La figure 8 illustre des diagrammes de Kaplan-Meier du retard de croissance tumorale HT29 après traitement avec de la mTHPC libre ; la formulation liposomale de la mTHPC et mTHPC-EVs avec activation laser du médicament (thérapie photodynamique, thérapies tridimensionnelles), comparés aux mêmes groupes sans activation laser (contrôle, lignes en pointillés). Les inventeurs ont comparé l’effet thérapeutique des EVs mTHPC, de la formulation liposomale de la mTHPC et de mTHPC libre en termes de croissance de la tumeur, 90 jours après le traitement. Les diagrammes de Kaplan-Meier montrent que, sans activation médicamenteuse induite par laser, le mTHPC EV, la formulation liposomale de la mTHPC et le mTHPC libre avaient le même effet thérapeutique. Toutefois, la thérapie photodynamique pour les EVs mTHPC suivie de l’activation laser a permis d’obtenir un effet thérapeutique amélioré par rapport à la formulation liposomale de la mTHPC activée par laser et au mTHPC libre. Les résultats montrent que 0 % des tumeurs témoins ou du groupe traité par la thérapie photodynamique avec formulation liposomale de la mTHPC, ainsi que 20 % des tumeurs traitées par la thérapie photodynamique à la mTHPC, affichaient une croissance 10 fois plus élevée, tandis que cette valeur était de 33 % pour le groupe traité par le TDP de EV mTHPC au jour 90 (Figure 8).

Ainsi, comparées aux liposomes, les vésicules chargées d’agents actifs obtenues selon les procédés de la présente invention peuvent constituer une alternative très avantageuse tant du point de vue des propriétés de pharmacodynamie que de l’efficacité du traitement réalisé.
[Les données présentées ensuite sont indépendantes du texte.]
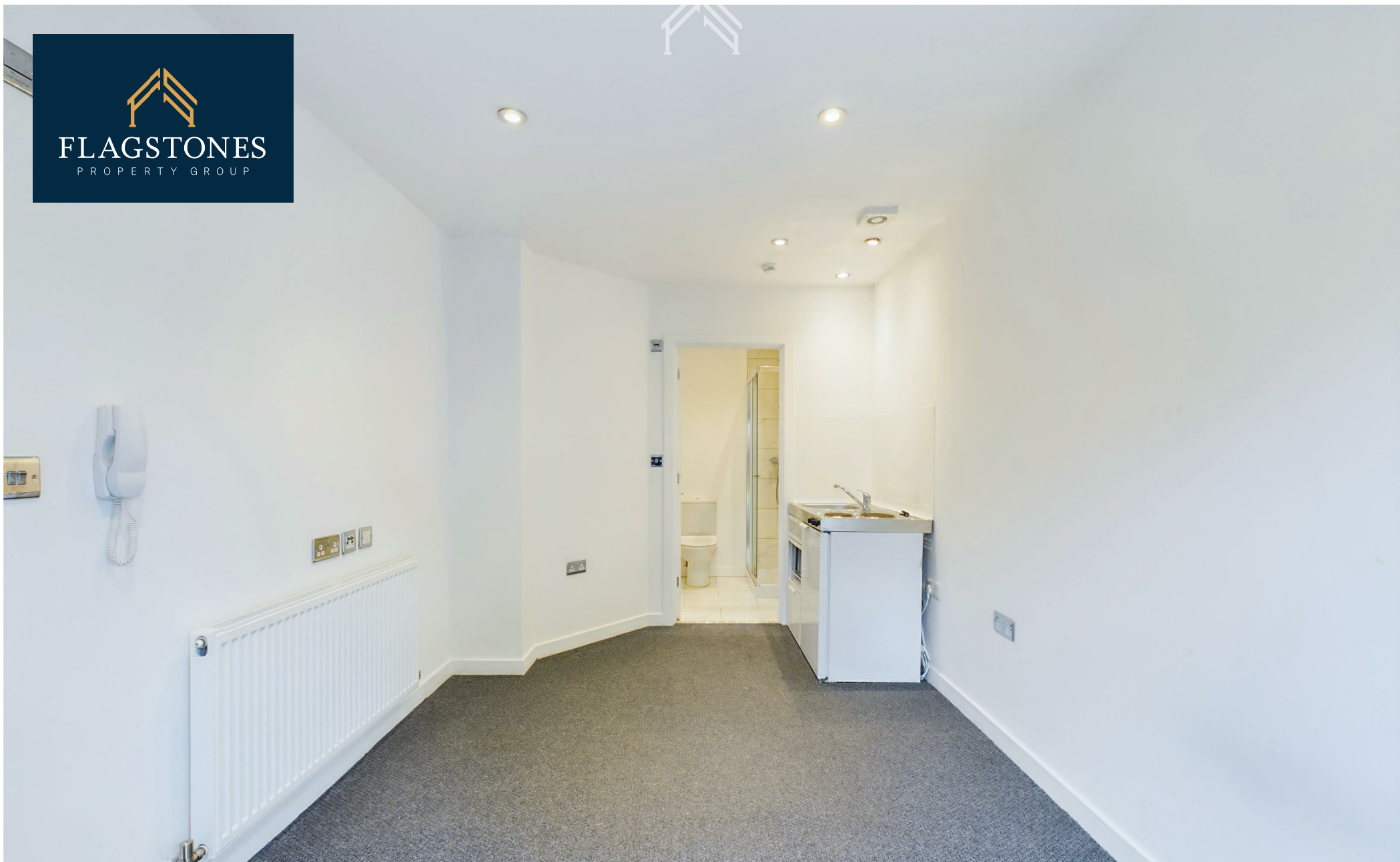
Flat 2, 35 Bamford Avenue, Wembley, HA0 1NB £980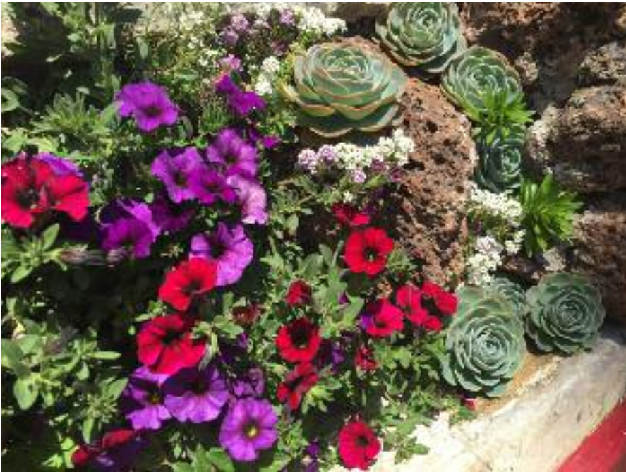
Petunias and succulents are flattering together in a rock garden.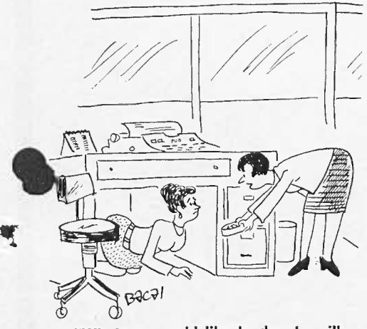
"Whatever you'd like to donate will be fine."

Seems as though there must be a little bit of poet in everyone, huh?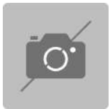
46223555 Screwdriver for slotted screws DRALL+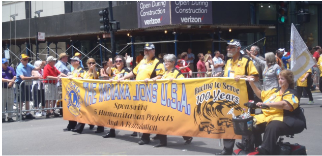
New MD25 District Governors parade on State Street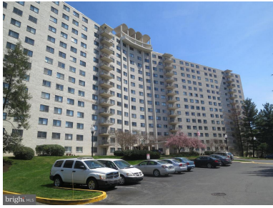
Exterior Front view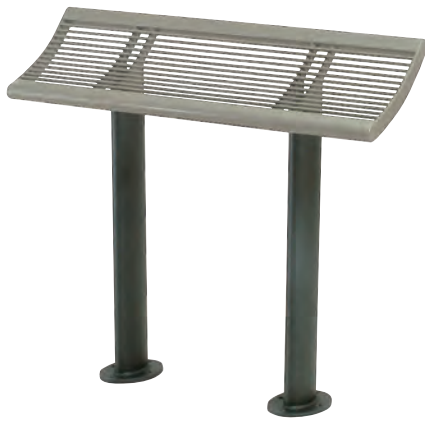
DOUBLE PERCH SEAT Ref. 12 3102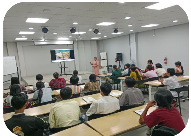
Trainer of MGHRDC presenting Sewing Method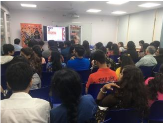
A full house in Kolkata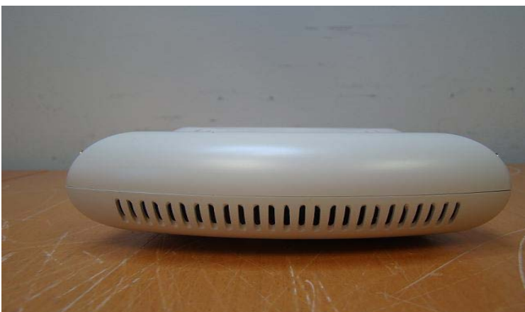
Figure 12 - Aruba AP-104 TEL placement left view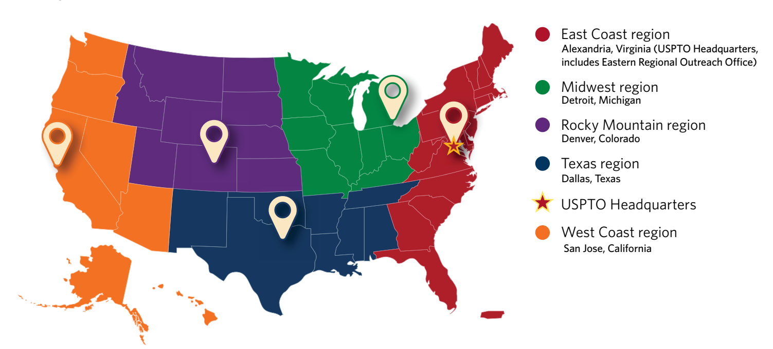
Figure 1: MAP OF THE USPTO HEADQUARTERS AND REGIONAL OFFICES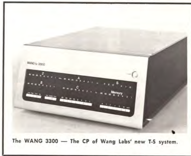
The WANG 3300 — The CP of Wang Labs' new T-S system.

($1,400); and the BASIC software package which includes a one-time set-up and initialization fee ($1,500). Total: $17,550. Assuming individual terminal users are content with 1400-byte partitions (partition size is determined at set-up time), a 4-user Selectric/cassette system would cost $25,650. Two- and four-user TTY systems are priced at $15,250 and $21,250. Goodies include an acoustic coupler ($795) for use with the TTYs, and still-to-be-priced 65K and 1/2-megabyte disks.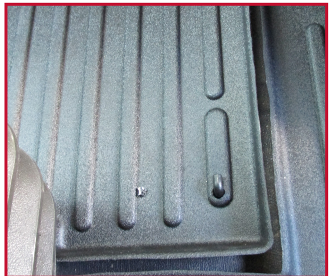
Figure 8 - Driver Mat Hook Installation

18. Pull the driver mat toward the rear of the truck to confirm that the hook is fully engaged into the mat and that the hook is adhered to the floor. If the hook is not functioning properly or the mat cannot be securely installed, do not use a Minimizer floor mat on the driver side of the vehicle.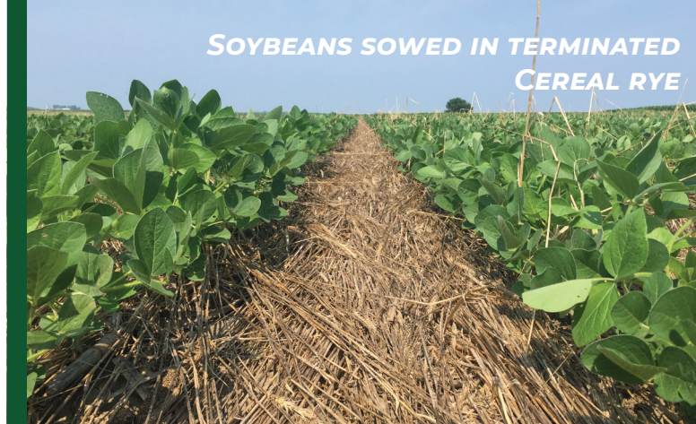
SOYBEANS SOWED IN TERMINATED CEREAL RYE

Cover crops are one of the most important tools for increasing soil health. By increasing soil health over the long term, the landscape can withstand some of the impacts from weather extremes. During heavy rainfall events, increased water infiltration and residue cover drastically increases water that can store and stop erosion. During dry periods, by keeping the ground cool and covered, there is more water available for the crop, reducing stress.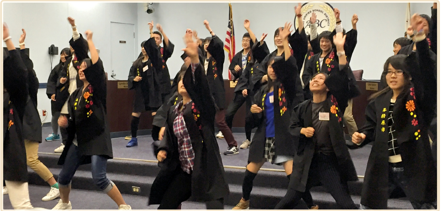
The Japanese middle school students perform a popular dance for the host families in ABC and District guests.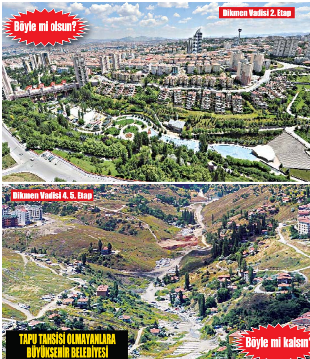
Figure 4: The cover page of the weekly Metropolitan Ankara bulletin dated 14–20 November 2011, demonstrating two photos of different parts of the Dikmen Valley urban transformation project area (public domain) [Colour figure can be viewed at wileyonlinelibrary.com ]

Stigmatisation of the insurgent was, thus, used as a political strategy to legitimise the transformation of the area as a tool for social order as well as modern urbanisation. This led to surfacing of fragmentation within the community revealed by competing political views (Özdemir and Eraydın 2017) concerning insurgence. Haydar (59), a current dweller and one of the leading figures in the struggle, told

Les liposomes sont connus pour la vectorisation de diverses biomolécules telles que des enzymes, hormones, oligonucléotides antisens, ribozymes, protéines ou

peptides ADN, molécules anticancéreuses (Farjadian et al. 2018). De telles molécules peuvent donc avantageusement être vectorisées par les vésicules chargées selon le procédé de l’invention à l’instar de la mTHPC. En effet, des agents actifs dans des formulations lipidiques font l’objet d’autorisation de mise sur le marché par les autorités de santé, par exemple :

- l’amphotéricine B (AmBisome®, autorisé dans le traitement des infections fongiques),

- la daunorubicine (Daunoxome®, autorisé dans le traitement du sarcome de Kaposi cutanéomuqueux extensif ou viscéral),

- l’irinotécan (Onivyde® autorisé dans le traitement des adénocarcinomes),

- la vincristine (Marqibo® autorisé dans le traitement leucémie aigüe lymphoblastique Phi négatif ou du lymphome lymphoblastique),

- la cytarabine (DepoCyte®, autorisé dans le traitement de la méningite lymphomateuse).

Un objet particulier de l’invention est donc un procédé de production de vésicules extracellulaires chargées par l’une de ces molécules et tel que décrit dans la présente demande dans l’un quelconque de ses modes de réalisation. Les vésicules ou cellules avantageusement chargées par ces agents par ledit procédé constituent également des objets de la présente invention. Un objet particulier est un procédé de chargement selon l’invention, une vésicule extracellulaire ou une cellule chargée selon ce procédé, caractérisé en ce que l’agent thérapeutique utilisé dans ce procédé et chargé dans les vésicules et/ou cellules productrices, est sélectionné parmi la témoporfine, l’amphotéricine B, la daunorubicine, l’irinotécan, la vincristine et la cytarabine.